Holcomb and many lawmakers tout the state’s strong reserves, totaling more than $2 billion, as a way to maintain state functions during the expected recession.
State governments across the country took away a key lesson after the economic downturn and recession of 2008: Robust rainy day funds are a must.
Since that time, states have scrimped and saved, with combined state rainy day fund totals reaching a record $113.2 billion in fiscal year 2019, according to Pew Charitable Trusts in a March 18 report.
Pew reports that states could continuously run operations for a median of 27.9 days, versus 17.3 days in the year before the recession.
During the recession, Indiana ranked below the national average of 17.6 days of rainy day funding, with 10.4 days. In 2019, Indiana sits above the national average with 32.2 days, or $1.4 billion.
Neighbors Kentucky and Illinois have less than a week of reserves, two of the lowest rainy day funds in the nation.
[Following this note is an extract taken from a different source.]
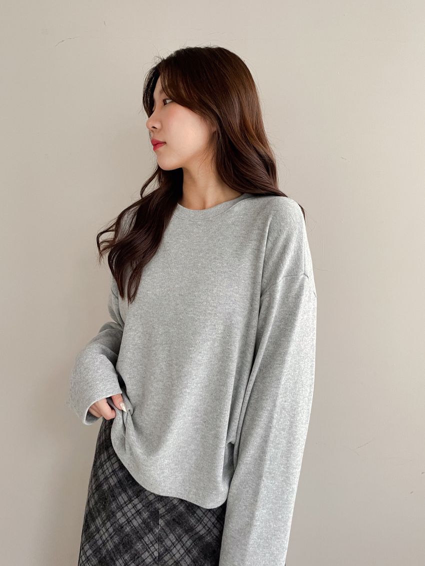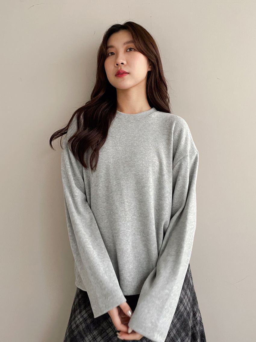 Connie推薦款!柔軟細絨坑紋圓領長T

But Pew cautions against using rainy day budgets alone to evaluate a state’s fiscal strength, because states have different ways of budgeting and reserving funds.
Its rainy day fund could help Indiana through the pandemic, but the state’s budget will still take a heavy hit, especially as revenues decrease from reduced economic activity. Nearly half of all Indiana state revenue comes from the sales tax, which is expected to take the biggest plunge.
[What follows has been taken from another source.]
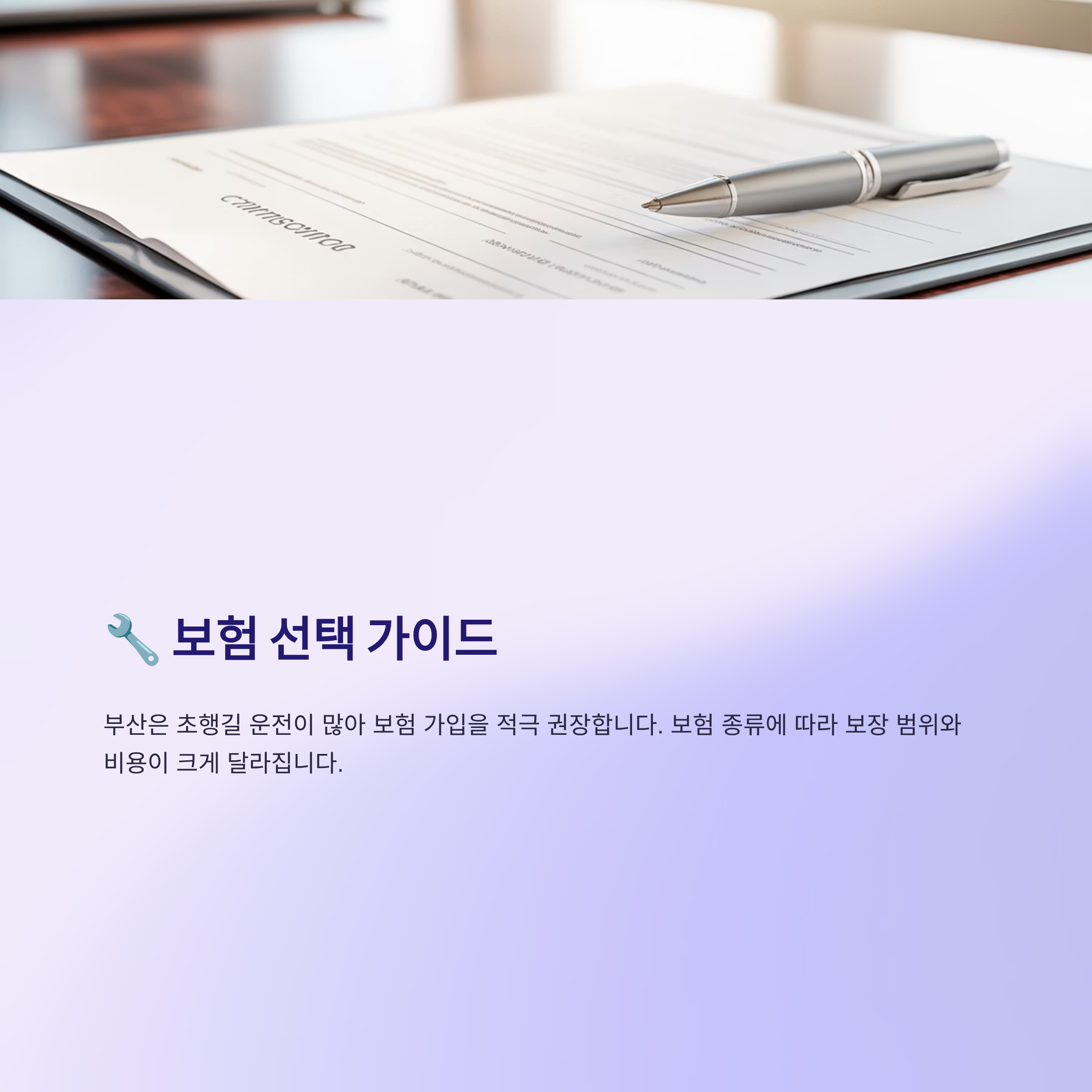 렌트카 보험은 대부분 선택사항이지만, 부산은 초행길 운전이 많은 지역이라 보험 가입을 적극 권장합니다.

“It’s difficult to put a number on what the potential impact will be,” said Chris Johnston, director of Indiana Office of Management and Budget.
Johnston said reserves would be used to help pay for unexpected expenditures, such as supplying personal protective equipment— masks and gowns, for example— to health care workers.
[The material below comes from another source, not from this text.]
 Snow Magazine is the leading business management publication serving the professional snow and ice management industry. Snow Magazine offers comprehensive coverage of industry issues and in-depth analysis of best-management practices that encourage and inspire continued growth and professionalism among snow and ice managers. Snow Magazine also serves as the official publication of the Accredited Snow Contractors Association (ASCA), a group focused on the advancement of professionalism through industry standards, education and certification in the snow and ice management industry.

“This will be a complex undertaking for all states to maneuver,” he said.
Other organizations warn that strong fiscal reserves aren’t the only determinant of recovery from the looming recession and criticize Indiana’s unemployment insurance system.
Unemployment benefits can buoy a family or individual through a time of joblessness, helping them access medical care, pay for groceries and keep utilities running, all of which helps the general economy.
According to the Center on Budget and Policy Planning, less than 20% of jobless Hoosiers accessed those benefits before the pandemic, because of a combination of eligibility rules and work requirements.
The average unemployment benefit is roughly a third of the income of a typical Hoosier unemployment applicant, according to the budget center, and tops out at $390 per week. All potential recipients must apply online, though broadband coverage is unequal across the state.
Before the wave of unemployment applications, Holcomb relaxed certain provisions through an executive order, such as the mandatory one-week waiting period and work search requirement. After receiving unemployment benefits, Hoosiers must file a weekly voucher with their hours worked to keep the benefits.
“That’s what’s coming down the pipe and what we have in place now from a state perspective,” Payne said. “There are other add-ons from our federal partners now. There’s a 13-week extension to the unemployment benefits expiration. Currently, we have 26 weeks.”
Additionally, the federal government will add another $600 per week for unemployment benefits on top of state benefits for four months, Payne explained.
Though gig economy workers, such as Uber drivers, people who are self-employed and those with limited work history usually aren’t eligible for unemployment, the federal relief package specifically addresses those workers and expands unemployment guidelines.
The Department of Workforce Development, which oversees unemployment claims, doesn’t yet have information on what sort of benefits Hoosiers are seeing and who’s impacted the most.
“Because we’re so early into this, we haven’t really processed what the average amount of each claim is,” Payne said, adding that partial work weeks change how the benefit is calculated.
There are no plans to change how the department calculates benefits. The calculation involves averaging weekly income during the last four quarters of employment and dividing that number roughly in half.